TASK OBJECTIVE — Below, find the line containing "தொடங்கவுள்ள மனித உரிமைகள்" and the line containing "Torcedores do Flamengo"; reproduce exactly those two and every line between them, omitting pictures.

EXERCISE INPUT —
###
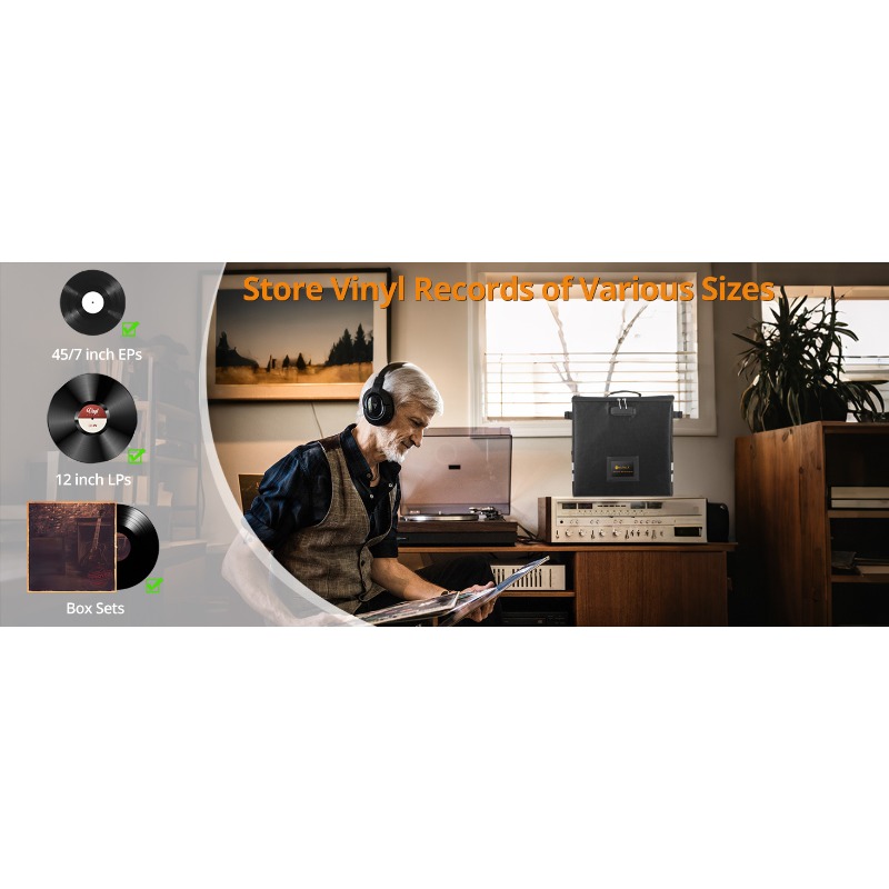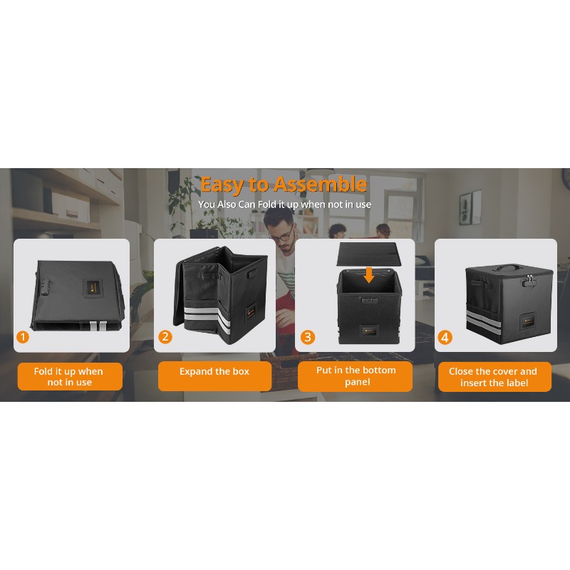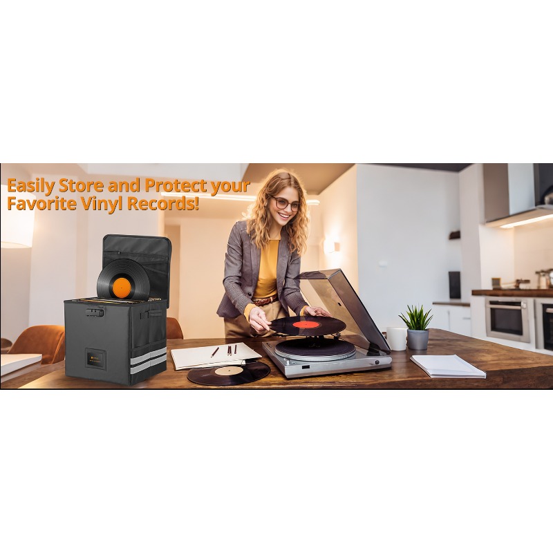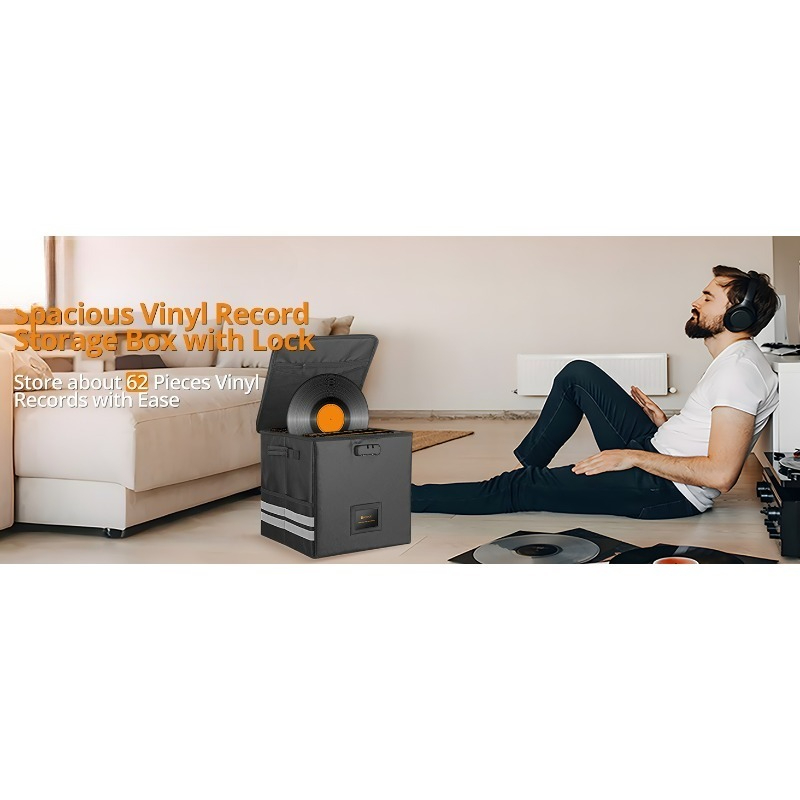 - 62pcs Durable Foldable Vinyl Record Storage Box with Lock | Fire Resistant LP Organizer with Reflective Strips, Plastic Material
###
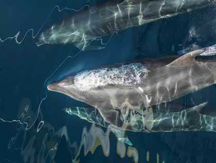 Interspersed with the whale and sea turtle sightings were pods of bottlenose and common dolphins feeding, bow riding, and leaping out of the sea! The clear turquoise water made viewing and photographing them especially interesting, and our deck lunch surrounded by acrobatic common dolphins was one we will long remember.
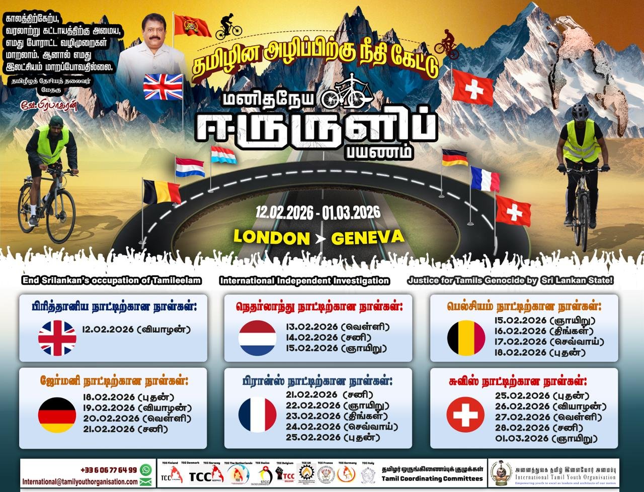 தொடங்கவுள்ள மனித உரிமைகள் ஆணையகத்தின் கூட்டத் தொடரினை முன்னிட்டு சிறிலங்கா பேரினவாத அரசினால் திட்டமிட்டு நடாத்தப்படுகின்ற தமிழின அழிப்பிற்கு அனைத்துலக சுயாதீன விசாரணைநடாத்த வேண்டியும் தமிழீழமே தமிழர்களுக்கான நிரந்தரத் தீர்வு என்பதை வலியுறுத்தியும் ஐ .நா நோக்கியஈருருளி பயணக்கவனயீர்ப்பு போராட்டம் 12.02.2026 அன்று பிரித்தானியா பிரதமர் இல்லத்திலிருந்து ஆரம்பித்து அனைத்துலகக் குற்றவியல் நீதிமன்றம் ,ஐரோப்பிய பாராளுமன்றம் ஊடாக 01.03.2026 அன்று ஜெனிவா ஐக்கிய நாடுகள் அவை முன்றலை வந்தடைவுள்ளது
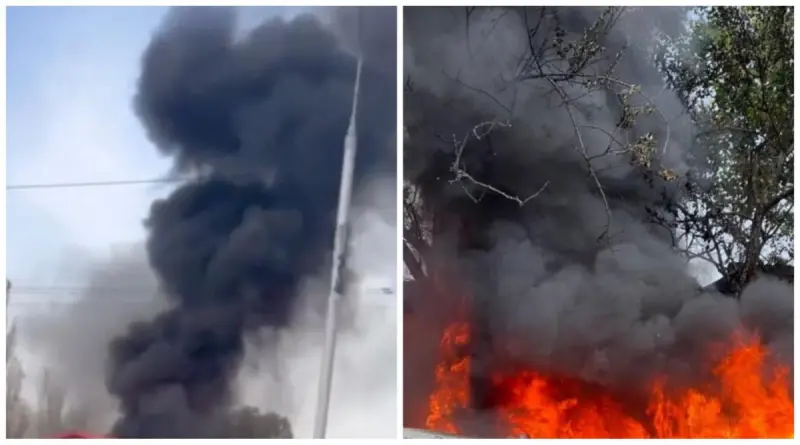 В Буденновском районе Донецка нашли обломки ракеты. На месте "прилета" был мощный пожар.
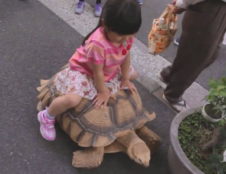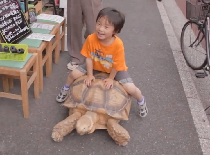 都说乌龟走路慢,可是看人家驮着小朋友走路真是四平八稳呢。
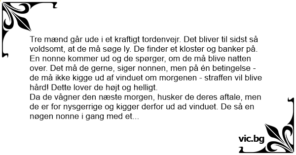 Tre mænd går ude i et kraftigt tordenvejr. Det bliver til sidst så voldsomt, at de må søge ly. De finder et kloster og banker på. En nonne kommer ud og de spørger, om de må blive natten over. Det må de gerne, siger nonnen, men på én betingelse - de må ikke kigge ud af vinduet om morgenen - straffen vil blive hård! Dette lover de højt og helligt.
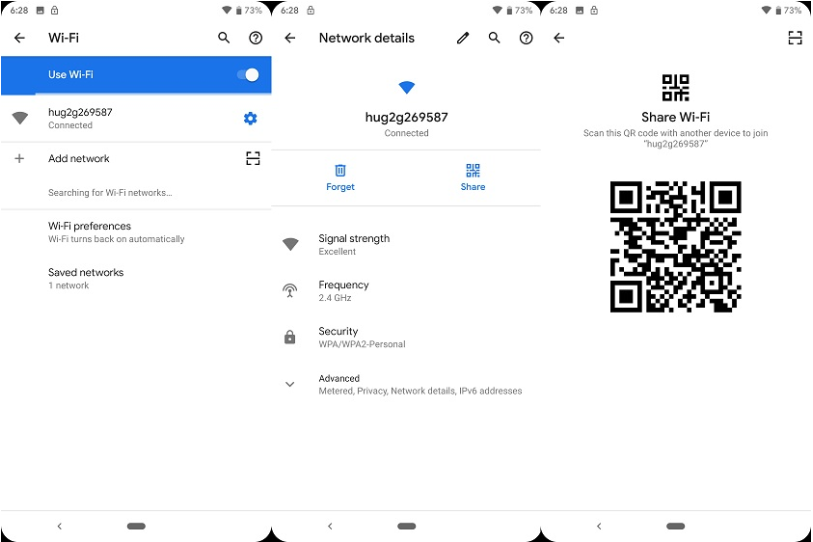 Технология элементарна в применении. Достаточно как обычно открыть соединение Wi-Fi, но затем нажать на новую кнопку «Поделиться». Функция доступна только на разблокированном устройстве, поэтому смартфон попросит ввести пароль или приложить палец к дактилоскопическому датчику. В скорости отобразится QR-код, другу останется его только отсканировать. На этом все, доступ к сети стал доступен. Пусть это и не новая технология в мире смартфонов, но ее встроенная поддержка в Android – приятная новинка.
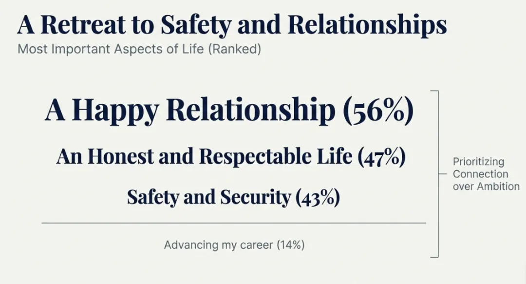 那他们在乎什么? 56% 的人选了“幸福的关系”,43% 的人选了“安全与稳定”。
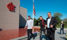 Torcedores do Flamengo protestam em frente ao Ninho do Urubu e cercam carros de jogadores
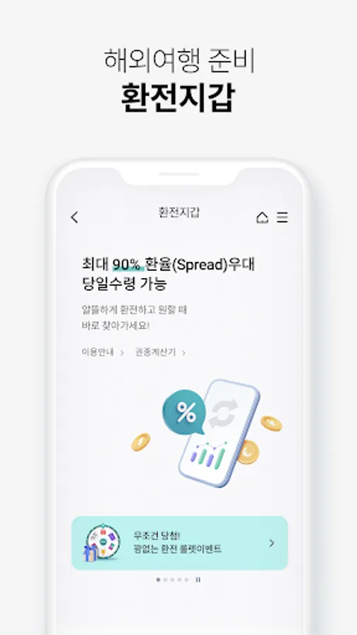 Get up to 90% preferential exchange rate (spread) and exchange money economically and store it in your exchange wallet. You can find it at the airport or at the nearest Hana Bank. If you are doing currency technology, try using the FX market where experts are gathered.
###
EXPECTED OUTPUT —
 தொடங்கவுள்ள மனித உரிமைகள் ஆணையகத்தின் கூட்டத் தொடரினை முன்னிட்டு சிறிலங்கா பேரினவாத அரசினால் திட்டமிட்டு நடாத்தப்படுகின்ற தமிழின அழிப்பிற்கு அனைத்துலக சுயாதீன விசாரணைநடாத்த வேண்டியும் தமிழீழமே தமிழர்களுக்கான நிரந்தரத் தீர்வு என்பதை வலியுறுத்தியும் ஐ .நா நோக்கியஈருருளி பயணக்கவனயீர்ப்பு போராட்டம் 12.02.2026 அன்று பிரித்தானியா பிரதமர் இல்லத்திலிருந்து ஆரம்பித்து அனைத்துலகக் குற்றவியல் நீதிமன்றம் ,ஐரோப்பிய பாராளுமன்றம் ஊடாக 01.03.2026 அன்று ஜெனிவா ஐக்கிய நாடுகள் அவை முன்றலை வந்தடைவுள்ளது
 В Буденновском районе Донецка нашли обломки ракеты. На месте "прилета" был мощный пожар.
 都说乌龟走路慢,可是看人家驮着小朋友走路真是四平八稳呢。
 Tre mænd går ude i et kraftigt tordenvejr. Det bliver til sidst så voldsomt, at de må søge ly. De finder et kloster og banker på. En nonne kommer ud og de spørger, om de må blive natten over. Det må de gerne, siger nonnen, men på én betingelse - de må ikke kigge ud af vinduet om morgenen - straffen vil blive hård! Dette lover de højt og helligt.
 Технология элементарна в применении. Достаточно как обычно открыть соединение Wi-Fi, но затем нажать на новую кнопку «Поделиться». Функция доступна только на разблокированном устройстве, поэтому смартфон попросит ввести пароль или приложить палец к дактилоскопическому датчику. В скорости отобразится QR-код, другу останется его только отсканировать. На этом все, доступ к сети стал доступен. Пусть это и не новая технология в мире смартфонов, но ее встроенная поддержка в Android – приятная новинка.
 那他们在乎什么? 56% 的人选了“幸福的关系”,43% 的人选了“安全与稳定”。
 Torcedores do Flamengo protestam em frente ao Ninho do Urubu e cercam carros de jogadores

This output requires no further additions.